C:\HTTrack\httrack.exe http://richhewlett.com -O c:\TargetFolderPathHere

For interest the –O switch tells HTTrack to output the site to disk and hence produce a copy.

You can create a Windows Scheduled Task that periodically runs this command line and you have an automated backup. I personally go a bit further and wrap this command into a Windows PowerShell script. This script creates new folder each time with the current date and implements error handling which writes to the system eventlog.

This script is an example only and comes with no guarantees that it will work for you without modification:

#===============================================
# Backup blog to disk using HTTRACK
# (Created by Rich Hewlett, see blog at RichHewlett.com)
#==============================================
clear-host
write-output "---------------------Script Start--------------------"
write-output " HTTrack Site Backup Script"
write-output "-------------------------------------------------------"

# set file paths
$timestamp = Get-Date -format yyyy_MMM_dd_HHmmss
$TargetFolderPath="F:\MyBlogBackUp\$timestamp"
$HTTrackPath="C:\HTTrack\httrack.exe"

write-output "Backup target path is $TargetFolderPath"
write-output "HTTrack is at $HTTrackPath"

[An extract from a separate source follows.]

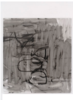
Christopher Wool Untitled (P571) , 2008 Enamel on linen 106 X 96 inches (269.24 X 243.84 cm) C16271

# set error action preference so errors don't stop and the trycatch
# kicks in to handle gracefully
$erroractionpreference = "Continue"

try
{
    write-output "Creating output folder $TargetFolderPath ..."
    New-Item $TargetFolderPath -type directory

    write-output "Download data ..."
    invoke-expression "$HTTrackPath http://MyBlog.com -O $TargetFolderPath"
    write-output "Done with downloading."    

    write-eventlog -LogName "Network" -Source "HTTrack" -EventId 1 -Message "Downloaded blog for backup"

}
catch
{
    # error occurred so lets report it
    write-output "ERROR OCCURRED DURING SCRIPT " $error

    # write an event to the event log
    write-output "Writing FAIL to EventLog"
    write-eventlog -LogName "Network" -Source "HTTrack" -EventId 1 -Message "Download blog for backup FAILED during execution. $error" -EntryType Error
}

write-output "------------------------------------Script end------------------------------------"

I run this job monthly via a Windows scheduled task.

UPDATE: A working Powershell script can be found on my GitHub site.

Using WordPress Export Feature

If you run a WordPress blog you can also do an export via the Dashboard which will export all site content (including comments) which is useful. In addition to the above raw HTML backup above I also use the export tool periodically manually (and therefore infrequently). For more information on this feature check out http://en.support.wordpress.com/export/